Ровно через неделю тетя Фаня привезла из Одессы «Вавилонского адвоката». Он был вручен мне в крокодиловом портфеле с серебряной монограммой «А. М.».
— О-о!..
Открыв портфель ключиком, я сосчитал экземпляры:
— Ура! Шесть!
Даже последний, шестой, пленял четкостью. Хоть сдавай Таирову, а пятый Луначарскому.
Только значительно позже, при Сталине, очередной реперткомщик читал исключительно «первонапечатанный».
Все экземпляры были элегантно переплетены.
— О!..
Они были переплетены в красный коленкор.
— Вот это сервис!
— Одесса! — гордо сказал дядя Мотя.
А тетя Фаня, постучав пухленьким наманикюренным пальчиком по крокодиловой коже портфеля, объявила:
— А это вам, Анатолий Борисович, от всех Полищуков за шикарную пьесу.
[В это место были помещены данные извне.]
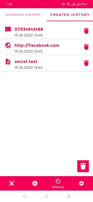 Esta aplicación de lector y creador de códigos de barras QR puede leer cualquier código de barras con alta precisión apuntando la cámara al código de barras y la información dentro del código de barras se puede guardar y copiar fácilmente, y la aplicación de lector y creador de códigos de barras puede leer los códigos previamente guardados en nuestro teléfono en forma de imágenes,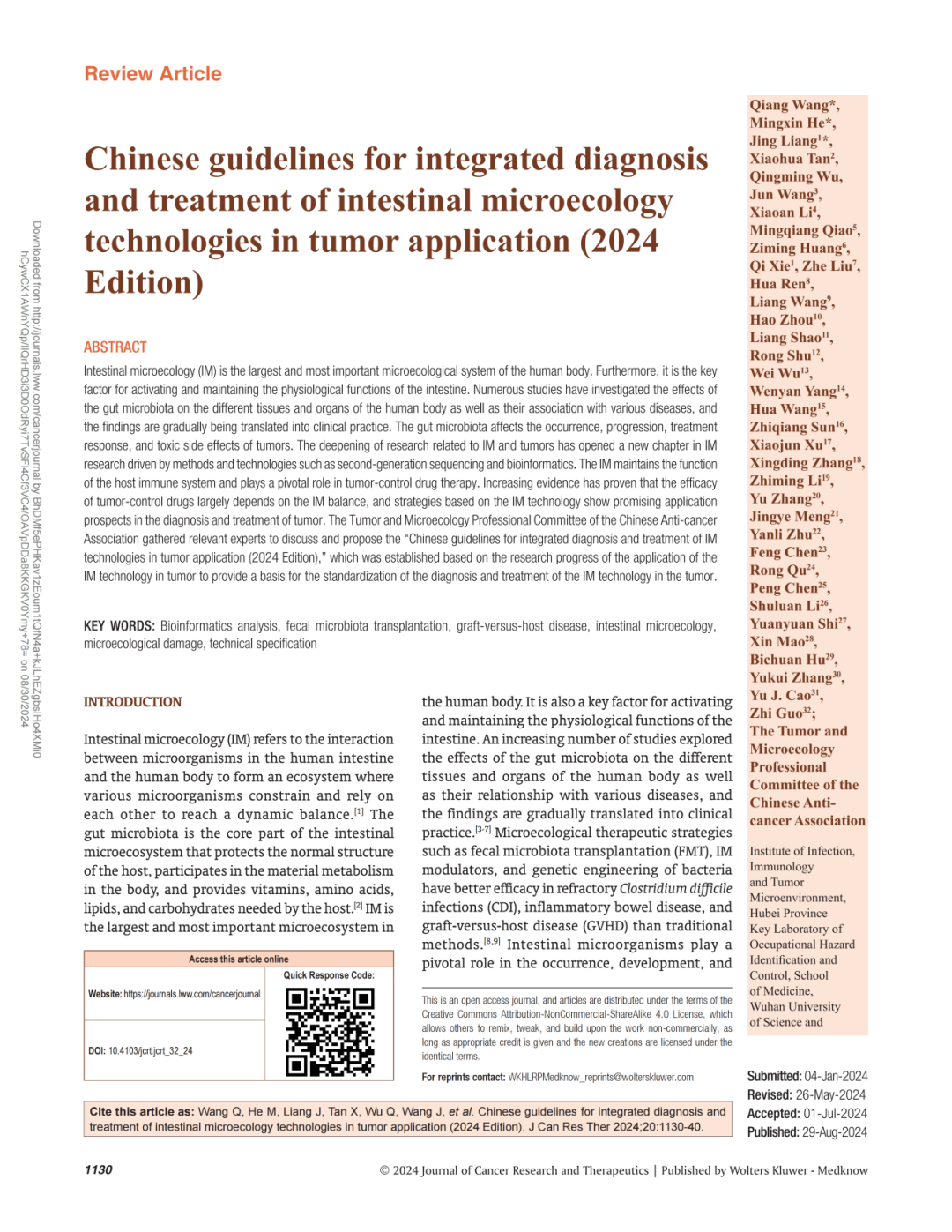 近日,中国抗癌协会肿瘤与微生态专业委员会组织相关专家共同讨论,由华中科技大学协和深圳医院郭智主任和武汉科技大学医学部王强教授牵头制定《中国肿瘤应用肠道微生态技术综合诊疗指南(2024年版)》,我司董事长史渊源教授参与该指南制定,该指南根据肠道微生态技术在肿瘤中应用的研究进展而制定,为肠道微生态技术在瘤体内的诊断和治疗标准化提供依据。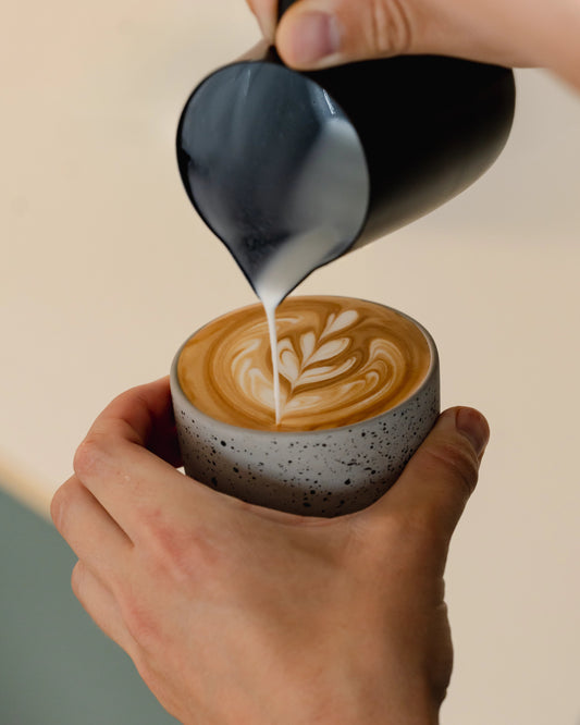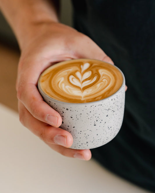 Every millimeter of this latte cup is designed with purpose. We created a latte cup for home baristas: functional, beautiful, and with the perfect ratio for a smooth latte where you can still taste your coffee!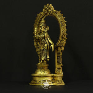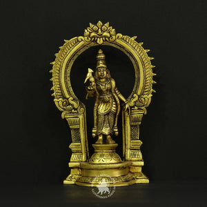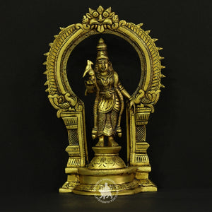 Enhance your spiritual space with the divine presence of Goddess Meenakshi through this stunning 11-inch brass Frame Meenakshi idol. Elegantly framed, this idol captures the divine grace, wisdom, and strength of Goddess Meenakshi, revered as the protector and nurturer of her devotees. Known for her beauty, intellect, and unwavering devotion, Meenakshi is a powerful symbol of feminine energy and divine energy. This exquisite piece adds a touch of elegance to any space, making it a perfect focal point for prayer rooms, altars, or your home decor.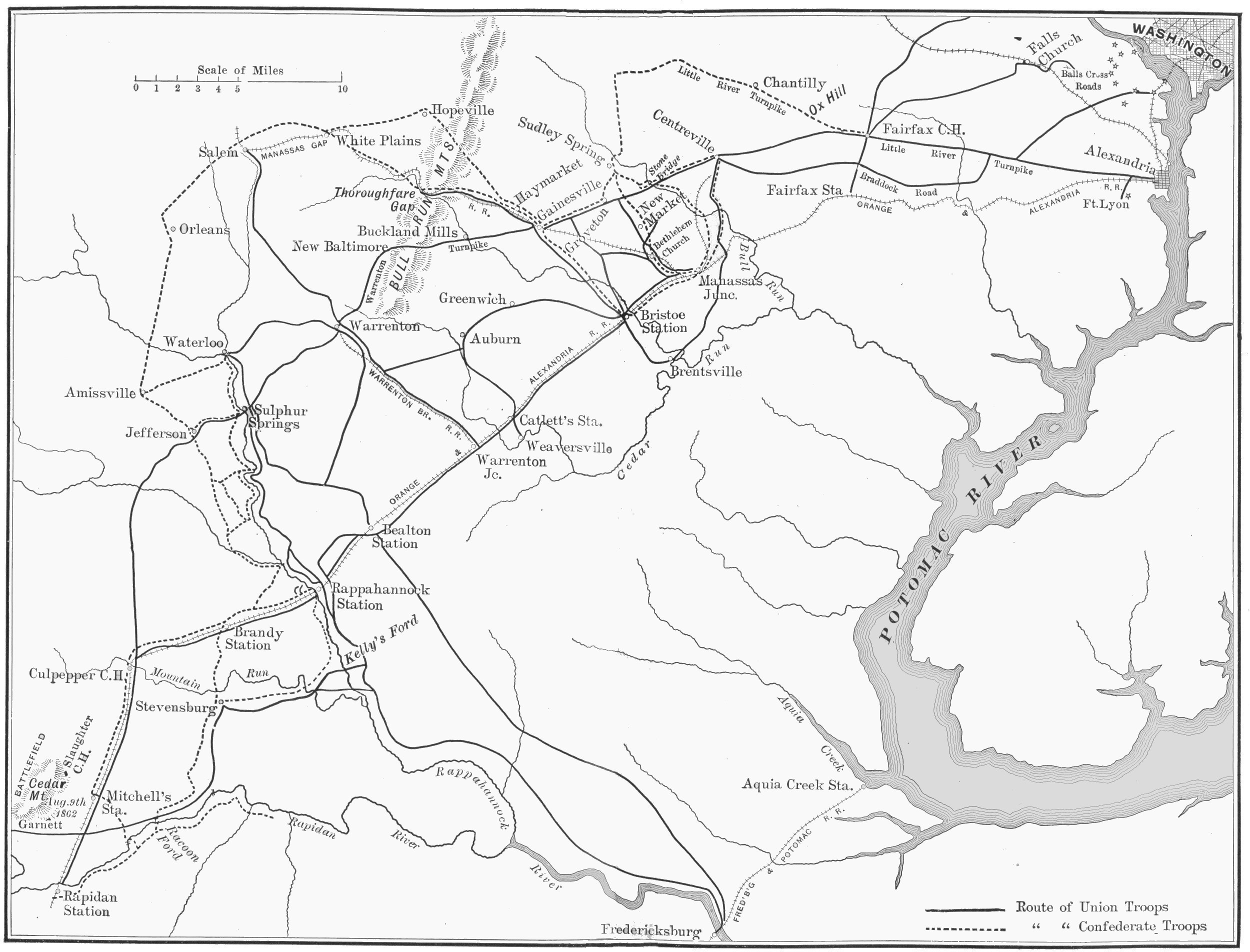 | General Stevens moves to Fredericksburg—Division in three brigades, and joined by two light batteries—Stevens and Reno’s division, march up the Rappahannock; join Pope’s army at Culpeper Court House—General Stevens stops straggling and marauding—Battle of Cedar Mountain—Army of Virginia—Pope advances to Rapidan—General Stevens holds Raccoon Ford—Lee leaves McClellan—Concentrates against Pope, who withdraws behind Rappahannock—General Stevens’s action at Kelly’s Ford—Marching up the river to head off Lee—Benjamin silences enemy’s gun with a single shot—Reinforcements arrive from Army of the Potomac—Jackson marches around right flank and falls on rear—Positions and movements, August 26, 27, 28—Description of Bull Run battlefield—Jackson withdraws from Manassas and takes position there—Movements of Pope’s forces—Fiasco of McDowell and Sigel—Jackson attacks—Stubborn fight of General Gibbon near Groveton—Generals King and Ricketts march away from the enemy—Pope reiterates order to attack | 425 |

— Благодарю вас!.. Благодарю вас!..
И, поцеловав у тети Фани ее пухленькую ручку, я взглянул на последнюю страницу:
— Шестьдесят девять!..
И расплылся в счастливую улыбку:
— Это замечательно!
А потом, чтобы доставить удовольствие своим новым друзьям, я перешел на язык Одессы:
— Шикарно!.. — воскликнул я. — Шикарная работа!
Так же восклицали на здешних рынках:
— Шикарные малосольные огурчики!..
— Шикарные яички из-под курочки!
— Шикарная вишня!.. Шикарная вишня!..
Не прошло и десяти минут, как в нашу калитку вошел знаменитый усатый почтальон Аркадии.
— Вам, гражданин поэт, — сказал он, раскланявшись, — телеграммочка из Москвы. Танцуйте, пожалуйста, польку-бабочку.
Я станцевал, расписался в получении телеграммы и прочел ее вслух: «Приехал Приезжай!»
— Танцуй, Нюшка. Сергун приехал.
И она затанцевала.
Потом дочитал телеграмму до конца: «Высылаю сто целковых на дорогу Есенин».
— Очень кстати!
Мы уже задолжали всей Одессе.
А послезавтра нас провожала с осенними георгинами толпа Полищуков, еще более шумная, чем при первой встрече.
«Знаменитая московская актриса» стояла у раскрытого вагонного окна с Киркой на левой руке и с георгинами
— Когда-нибудь… летом… мы опять приедем сюда… Когда Кирка уже будет бегать… Хорошо?
— Обязательно!
И мы действительно приехали. Но без Кирки. Он умер в 1940-м. Приехали мы в Одессу уже после войны. И никого из милых нам Полищуков не нашли на Дерибасовской. Тетя Фаня умерла накануне войны от рака желудка. Прелестная Розочка со всеми своими ребятами утонула. Теплоход, на котором они эвакуировались из Одессы, торпедировали немцы. Знаменитая Сонечка, эта «пикантность», эта «прелесть», сошлась с румынским штабным офицером и куда-то убежала с ним. Дядю Мотю расстреляли оккупанты. За что?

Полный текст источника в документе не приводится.